Attending the opening and introducing the film will be Dot Gibson, one of the voices in the documentary, who is also chair of the National Pensioners’ Convention, which links up retired workers and unions who are fighting to defend their social security benefits so they do not sink into poverty. The attack on the social rights and benefits were, of course, joined by UK Prime Minister Thatcher and her ally, former President Ronald Reagan, to attack the welfare state and social rights. Their motto was only that the market should determine your life and your future.
This film shows that working people can successfully confront issues facing them; the gains made by the British working people after the war are important lessons for American workers today.
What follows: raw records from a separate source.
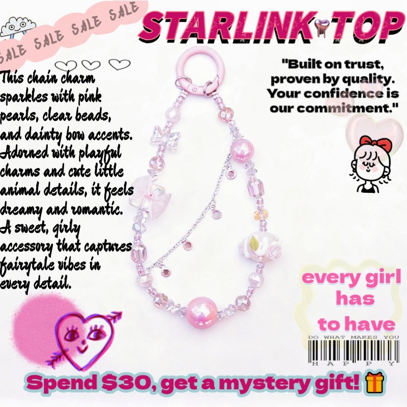 Indulge in a dreamy romance with Blossom Pink Romance! 🌸💖 This exquisite phone strap combines pearlescent pink beads, iridescent crystals, and delicate charms including a lace bow and white rose. The silver chain tassel with pink crystals adds a touch of playful elegance, catching the light with every move.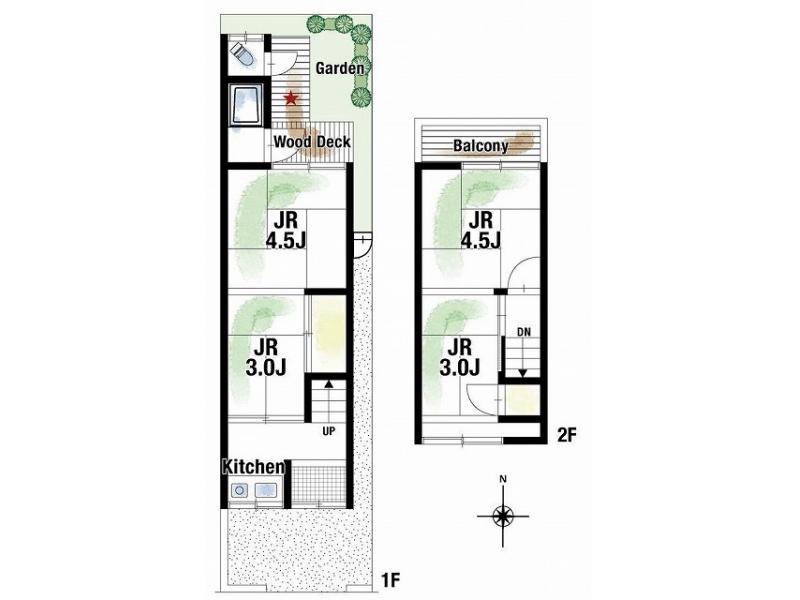 | 特色 | 連棟、1階21.75平米 2階14.41平米、2025年11月改装済:新調・・中庭デッキ・トイレ・クロス・畳・襖・床(一部)、有効土地面積約44.7平米・セットバック面積0.45平米・公簿45.15平米、売主の契約不適合責任免責・設備修復義務責任免責 | ||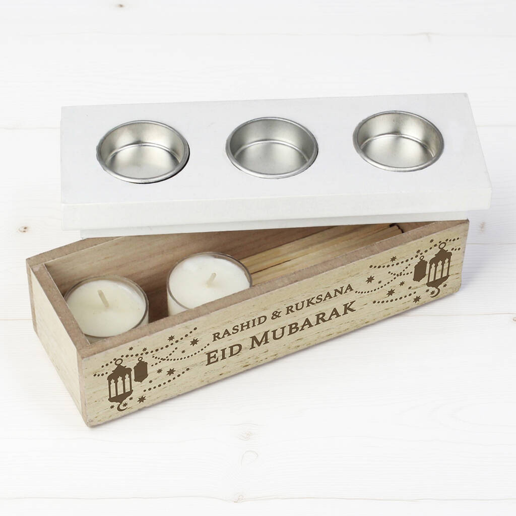Personalised Eid And Ramadan Triple Tea Light Box Tealight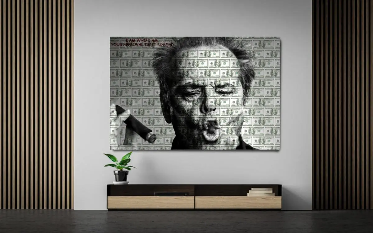 La decoración de pared en plexiglás aporta a su interior un aspecto moderno y lujoso. Gracias al acabado brillante y transparente, los colores y detalles de su obra se destacan al máximo, y el material crea una profundidad especial. En el caso de una obra oscura en un espacio con mucha luz solar, se puede optar por una decoración de pared con acabado mate (Dibond) para reducir los reflejos.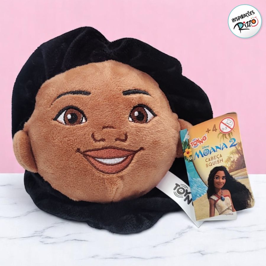 Brinquedo modelo squish de pelúcia, personagem Moana 2. Licenciado Moana Disney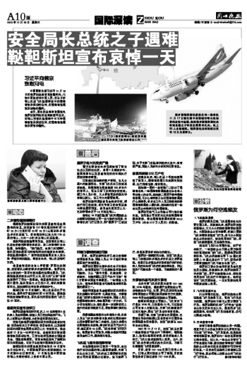 俄罗斯一新闻资讯台称,这架飞机是从喀山飞往莫斯科多莫杰多沃机场之后再返航,但是它在多莫杰多沃没有进行例行的机组人员的体检和飞机的机械故障检查,所以说这个可能也是一个隐患,不能排除这个原因。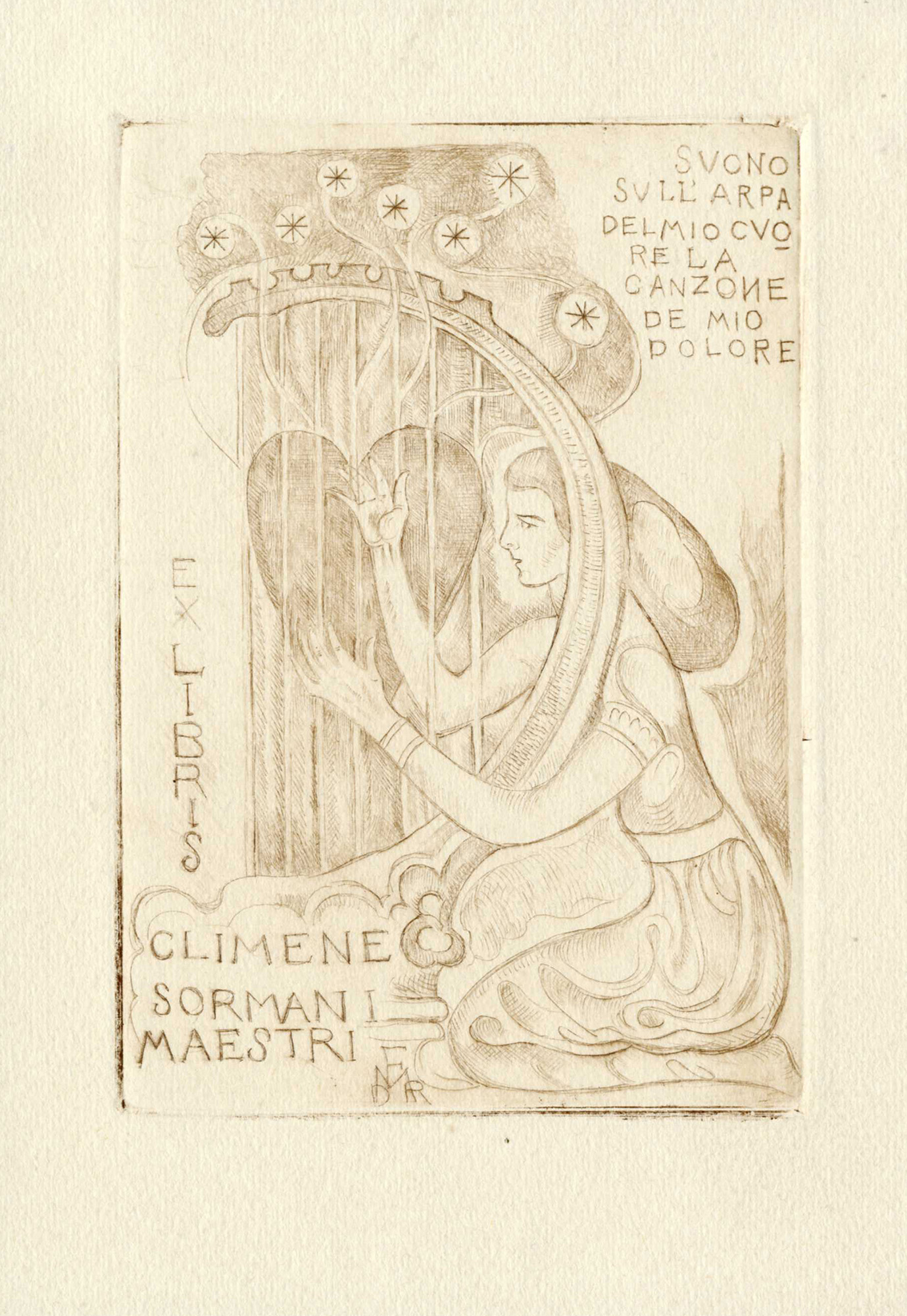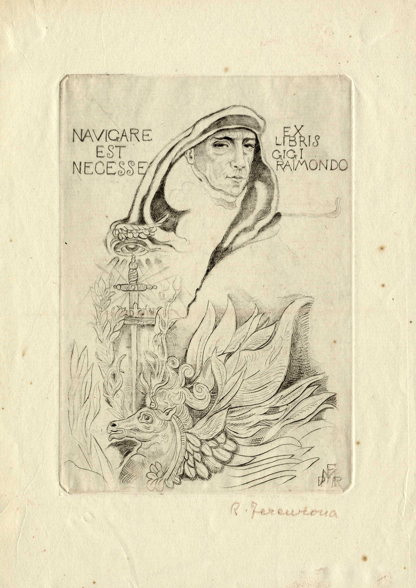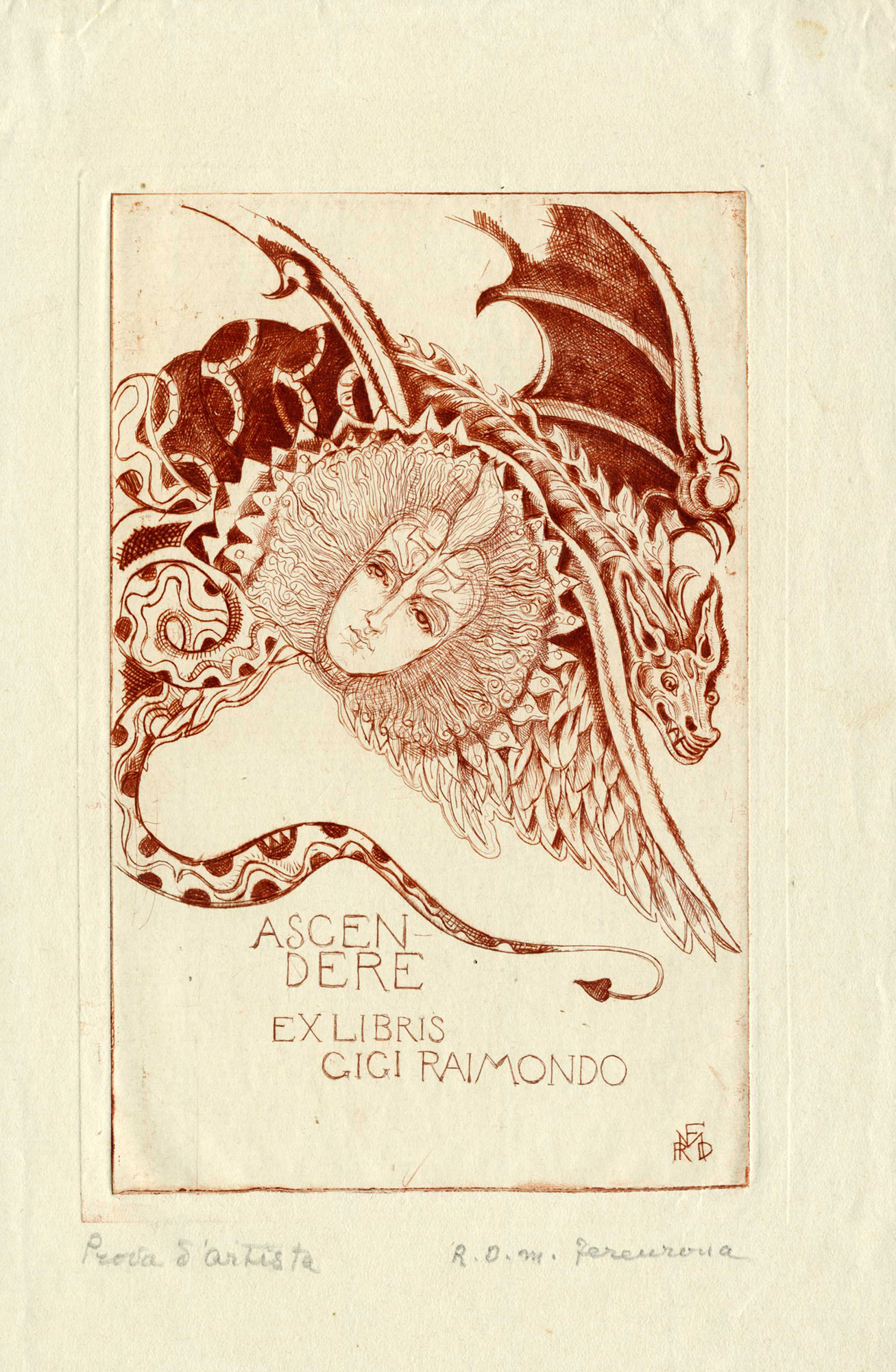 Raccolta di 3 incisioni tra puntesecche e fotoincisioni. mm 127/168x85/115. Foglio: mm 170/237x120/175. Due incisi su carta vergellata e firmati a mano in basso a destra. Compongono il lotto le incisioni: Ex libris Gigi Raimondo - Navigare est necesse, Ex libris Gigi Raimondo - Ascendere e Ex libris Climene Sormani Maestri - Suono sull'arpa del mio cvore la canzone del mio dolore. (3) Fogli parzialmente applicati al margine superiore su cartoncino di supporto. Minimi difetti lungo i margini, altrimenti ottima conservazione generale.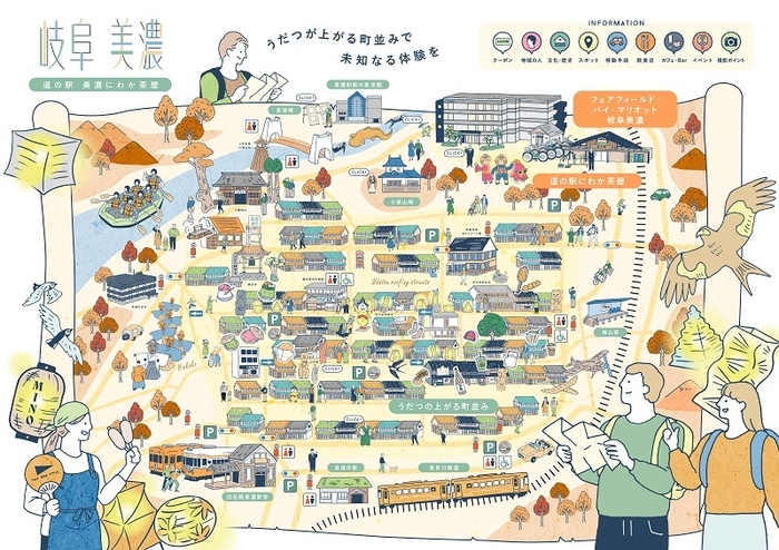 美濃市や地元事業者の皆様と協議を重ね、全面的な協力のもと作り上げた、地元の人のみぞ知る「知られざる魅力」に満ちた「よりみちマップ」となっています。美濃を旅する旅行者や地元の方にも広くご利用いただき、美濃エリアを深く旅をすることで、その知られざる魅力が広まり、観光促進・地域経済活性化が加速することを目指しています。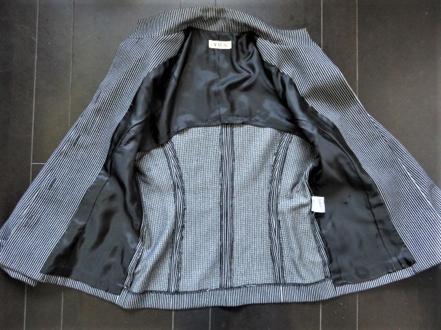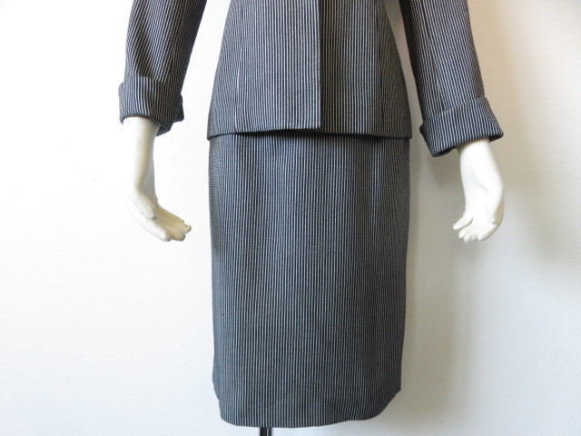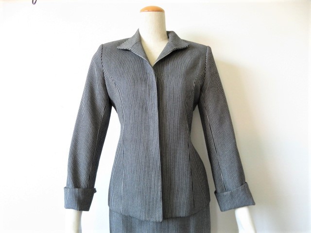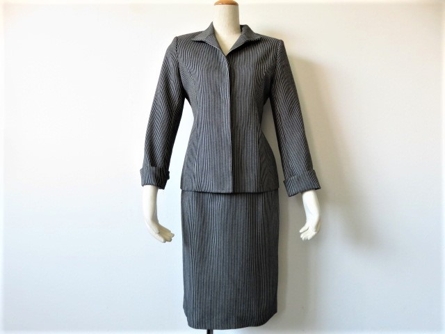 ■新品同様 上質美品【V.O.M】モノトーン スーツ【38】9号 M カジュアル ストライ スーツ 通勤 通学 ビジネススーツ s484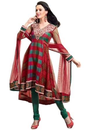Rose-madder Red and Sea Green embroidered party anarkali kameez intricate with zari thread, floral work, neck work, square print and patch patti border work.This anarkali kameez is unstitch and length of kameez can be stitched upto size 42. Customisation includes changing front neck style, back neck style, increasing/reducing the length of sleeves.Accessories which is shown in the image is only for shooting purpose.There might be some color variation.Time to deliver: 25 days.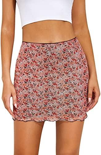 Verdusa Women’s Mesh Ruched Pencil Skirt High Waisted Bodycon Mini Skirts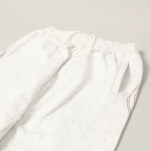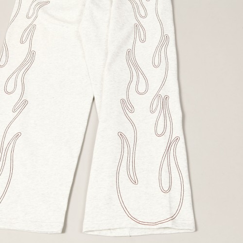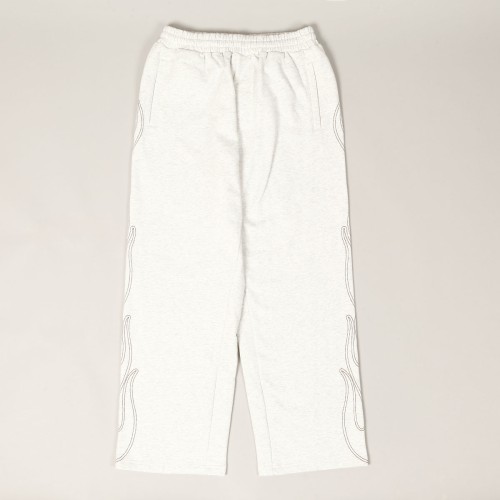 Mají široký baggy střih s mírným zúžením nohavic. Po stranách kapsy s lemováním. Nohavice zdobí výšivka kontrastního plamene po celé délce.

“The Second World War was a struggle, perhaps the most considerable collective struggle this country has ever experienced. While others made greater sacrifices, the people of Russia, for example, the determination to build a better world was as strong here as anywhere. Never again, it was believed, would we allow poverty, unemployment and the rise of fascism to disfigure our lives."
"We had won the war together; together we could win the peace. If we could plan to wage military campaigns, could we not plan to build houses, create a health service, transport system and to make goods that we needed for reconstruction?"
"The central idea was common ownership, where production and services were to benefit all. The few should not get rich to the detriment of everyone else. It was a noble idea, popular and acclaimed by the majority. It was the Spirit of 1945. Maybe it is time to remember it today.”